Peroxisomes and ROS Under Stress Conditions

Abstract

Peroxisomes are small, single-membrane confined organelle, appearing ubiquitously in eukaryotic organisms. Despite being simple in structure, it is a highly dynamic organelle, which caters multiple metabolic functions, essentially needed for expansion and development of plant. The metabolic pathways occurring in peroxisomes, in particular, photorespiration, catabolism of fatty acid via β-oxidation, activity of peroxisomal enzymes, dismutation of superoxide radical (O2•−), and breakdown of polyamines, generate reactive oxygen species (ROS). The genesis of ROS, particularly, hydrogen peroxide (H2O2) elevates under biotic and abiotic stress conditions, which act either as an inducer of oxidative stress or signal transducing molecules. The action of ROS is a characteristic function of their accumulated concentration in peroxisomes. The presence of ROS in excess induces post-translational modification of biomolecules which damage their structure and alter the function. The cell however is equipped with antioxidants, which include an array of enzymes and non-enzymatic molecules, quenching excess ROS, which aid in maintaining cellular redox homeostasis.
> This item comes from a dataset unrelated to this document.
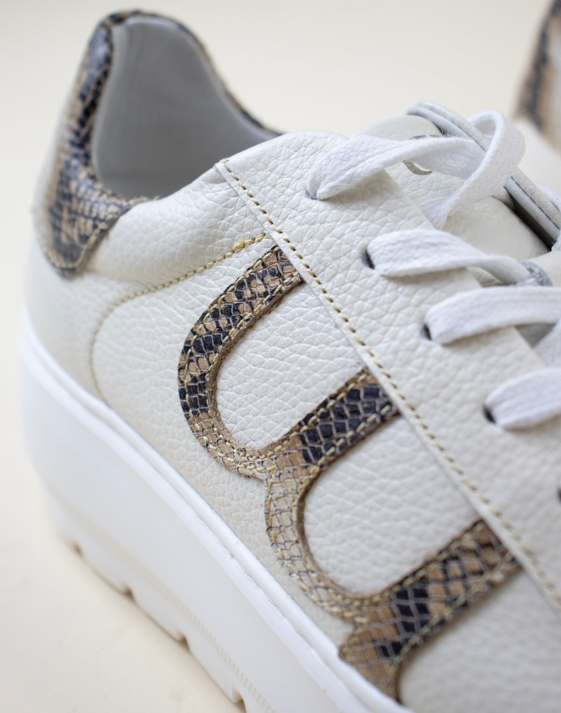 Están hechos en cuero crema con detalles en pitón que le da un toque guay, perfectos para llevar con faldas, jeans o vestidos, su suela es ligera, tiene 5 cm de altura pero sin quitar una pizca de comodidad ¡No te quedes sin ellos, son la pieza que le falta a tu armario!

Catalase is the prime enzymatic antioxidant present in peroxisomes, which scavenges excess H2O2, attenuating their accumulation in the organelle. The low concentration of ROS, specifically, H2O2 mediates retrograde signaling under stress conditions. The H2O2 diffuses out into the cytosol and alters expression of various nuclear gene, eventually leading to stress tolerance. A clear understanding of mechanisms occurring within plant cells is essential to improve crop production under stress. We summarize the knowledge pertaining to ROS metabolism in plant peroxisomes under unfavorable conditions to improve the understanding. A better insight into the ROS metabolism in peroxisomes provides avenues for future research to safeguard crop production under changing climatic conditions.